Description of the task: Leave every picture out and write out the records below exactly.

==== Exercise material ====

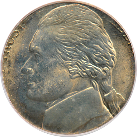 Jefferson nickel struck on a clad 10c planchet
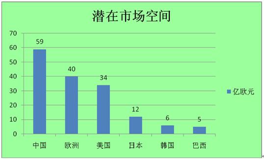 全球潜在市场规模最大的三个地区依次为中国(59亿欧元)、欧洲(40亿欧元)、美国(34亿欧元)。
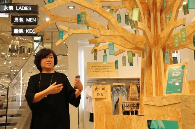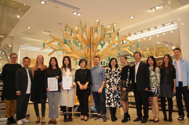 刘春红与汉娜·哈琳(Hanna Hallin)共同为本次店中店设计获奖作品“重焕新生”颁奖,该作品也应用在H&M南京西路旗舰店中。“我们的作品从顾客的环保心理研究出发,结合H&M的环保理念,意在将废旧的物料通过‘装置树’变为肥料,滋养树继而树长出树叶,具体互动形式为绿色的丝带,由顾客绑到装置树上,让消费者参与其中,促使这个环保活动的进行。”服装学院时尚室内设计专业三年级学生张若茜、王悦向在场嘉宾介绍作品创作过程。
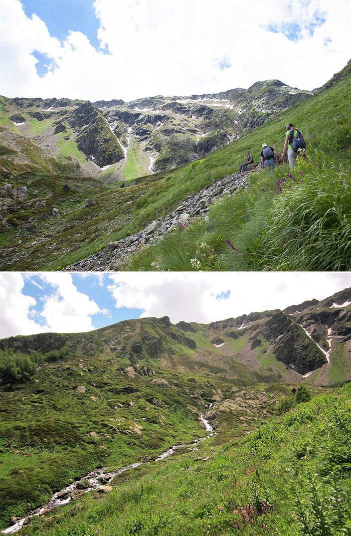 Первая наша цель - озеро Айматлы-Джагалы, находится на высоте 2400 метров. Путь к нему пролегает через альпийские луга, которые предстояло пройти под палящим солнцем. Мысленно похвалили себя за то, что не поленились обмазаться кремом и надели головные уборы, которые здесь не то что желательны - обязательны! Много описывать подъем не стану по двум причинам: 1) лучше смотреть фотографии, чем читать о том, как нам было тяжко;
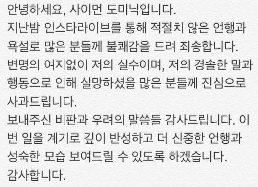 가수 쌈디(사이먼 도미닉)가 욕설 논란에 결국 사과했다.
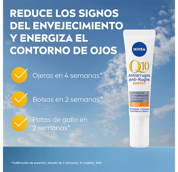 NIVEA Q10 ENERGY Contorno de Olhos Energizante reduz as rugas e revitaliza o contorno dos olhos. Sua fórmula patenteada foi desenvolvida especificamente para a delicada área do contorno dos olhos. Reduz visivelmente os pés de galinha em 84%. Reafirma notavelmente a pele do contorno dos olhos. Minimiza as olheiras em um. Enriquecida com Coenzima Q10 de dupla ação que é 100% idêntica à da pele. Protege as células da pele contra os agressores externos e recarrega a pele de energia, melhorando sua regeneração*. A Creatina estimula as fibras reafirmantes da pele*. Aprovado dermatologicamente e oftalmologicamente. O produto é adequado para usuários de lentes de contato. *in-vitro ^Estudo de 2 semanas, 31 Mulheres, 2019
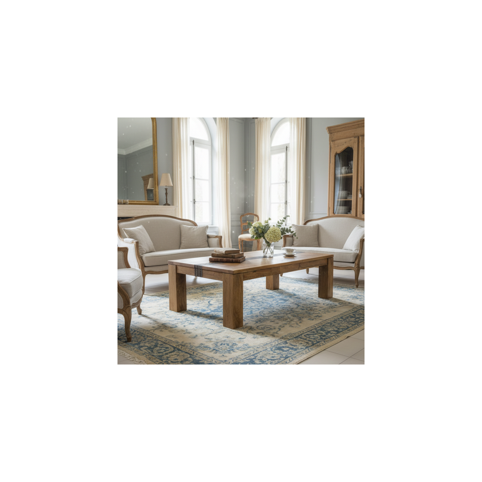 Son design repose sur des pieds droits à section carrée, qui lui confèrent une silhouette géométrique épurée, équilibrant subtilement les détails décoratifs avec une allure contemporaine et minimaliste. Sa structure démontable au niveau des pieds facilite le transport et le montage, tout en garantissant une excellente stabilité et une solidité durable.
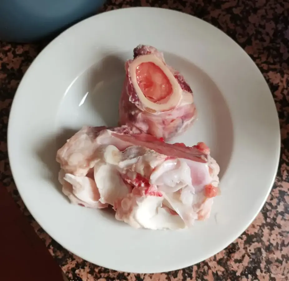 Dos trozos de hueso de ternera. En uno de ellos se aprecia con claridad el tuétano
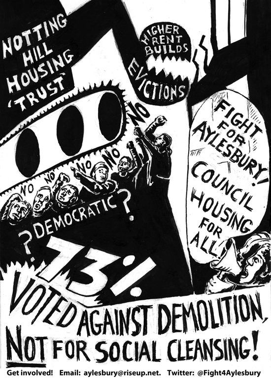 At the beginning of May, both the council and Notting Hill Housing Trust, the housing association masterminding the redevelopment of the estate, found themselves under pressure at the Public Inquiry into the Aylesbury Compulsory Purchase Order. The event was held in the Millwall football grounds, as organisers had feared it would be disrupted by protests if held nearer the estate. Leaseholders – who have been offered derisory sums of between £57,000 and £120,000 for their flats – were joined by tenants, architects, public housing experts, the 35% housing campaign and lawyers as they put the landlords on the spot.
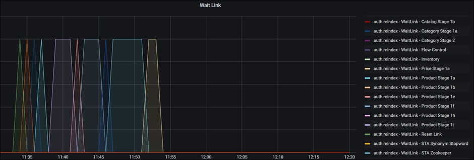 Les valeurs WaitLink et Bucket.Size peuvent être suivies dans Grafana. L'observation des activités et des quantités aide à déterminer le comportement du système et à détecter les segments lents.
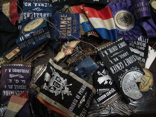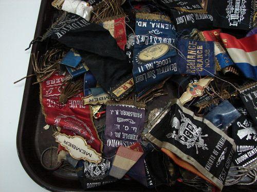 LOT OF APPROX. 20 EARLY FRATERNAL BADGES. Consists of JR. O.U.A.M., L.G.E., I.O.O.F., K. of P., P.O.S. of A., G.A.R., I.O. of G.S. & D. of S., & I.O.G.T. badges from New York, New Jersey, Pennsylvania, New Hampshire, Delaware, and Maryland.
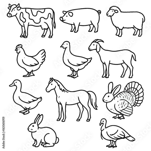 Farm Animal Icons. Outline style icons of Farm Animal Breeds: Holstein cow, Berkshire pig, Merino sheep, Rhode Island Red chicken,

====

Answer space:
 Jefferson nickel struck on a clad 10c planchet
 全球潜在市场规模最大的三个地区依次为中国(59亿欧元)、欧洲(40亿欧元)、美国(34亿欧元)。
 刘春红与汉娜·哈琳(Hanna Hallin)共同为本次店中店设计获奖作品“重焕新生”颁奖,该作品也应用在H&M南京西路旗舰店中。“我们的作品从顾客的环保心理研究出发,结合H&M的环保理念,意在将废旧的物料通过‘装置树’变为肥料,滋养树继而树长出树叶,具体互动形式为绿色的丝带,由顾客绑到装置树上,让消费者参与其中,促使这个环保活动的进行。”服装学院时尚室内设计专业三年级学生张若茜、王悦向在场嘉宾介绍作品创作过程。
 Первая наша цель - озеро Айматлы-Джагалы, находится на высоте 2400 метров. Путь к нему пролегает через альпийские луга, которые предстояло пройти под палящим солнцем. Мысленно похвалили себя за то, что не поленились обмазаться кремом и надели головные уборы, которые здесь не то что желательны - обязательны! Много описывать подъем не стану по двум причинам: 1) лучше смотреть фотографии, чем читать о том, как нам было тяжко;
 가수 쌈디(사이먼 도미닉)가 욕설 논란에 결국 사과했다.
 NIVEA Q10 ENERGY Contorno de Olhos Energizante reduz as rugas e revitaliza o contorno dos olhos. Sua fórmula patenteada foi desenvolvida especificamente para a delicada área do contorno dos olhos. Reduz visivelmente os pés de galinha em 84%. Reafirma notavelmente a pele do contorno dos olhos. Minimiza as olheiras em um. Enriquecida com Coenzima Q10 de dupla ação que é 100% idêntica à da pele. Protege as células da pele contra os agressores externos e recarrega a pele de energia, melhorando sua regeneração*. A Creatina estimula as fibras reafirmantes da pele*. Aprovado dermatologicamente e oftalmologicamente. O produto é adequado para usuários de lentes de contato. *in-vitro ^Estudo de 2 semanas, 31 Mulheres, 2019
 Son design repose sur des pieds droits à section carrée, qui lui confèrent une silhouette géométrique épurée, équilibrant subtilement les détails décoratifs avec une allure contemporaine et minimaliste. Sa structure démontable au niveau des pieds facilite le transport et le montage, tout en garantissant une excellente stabilité et une solidité durable.
 Dos trozos de hueso de ternera. En uno de ellos se aprecia con claridad el tuétano
 At the beginning of May, both the council and Notting Hill Housing Trust, the housing association masterminding the redevelopment of the estate, found themselves under pressure at the Public Inquiry into the Aylesbury Compulsory Purchase Order. The event was held in the Millwall football grounds, as organisers had feared it would be disrupted by protests if held nearer the estate. Leaseholders – who have been offered derisory sums of between £57,000 and £120,000 for their flats – were joined by tenants, architects, public housing experts, the 35% housing campaign and lawyers as they put the landlords on the spot.
 Les valeurs WaitLink et Bucket.Size peuvent être suivies dans Grafana. L'observation des activités et des quantités aide à déterminer le comportement du système et à détecter les segments lents.
 LOT OF APPROX. 20 EARLY FRATERNAL BADGES. Consists of JR. O.U.A.M., L.G.E., I.O.O.F., K. of P., P.O.S. of A., G.A.R., I.O. of G.S. & D. of S., & I.O.G.T. badges from New York, New Jersey, Pennsylvania, New Hampshire, Delaware, and Maryland.
 Farm Animal Icons. Outline style icons of Farm Animal Breeds: Holstein cow, Berkshire pig, Merino sheep, Rhode Island Red chicken,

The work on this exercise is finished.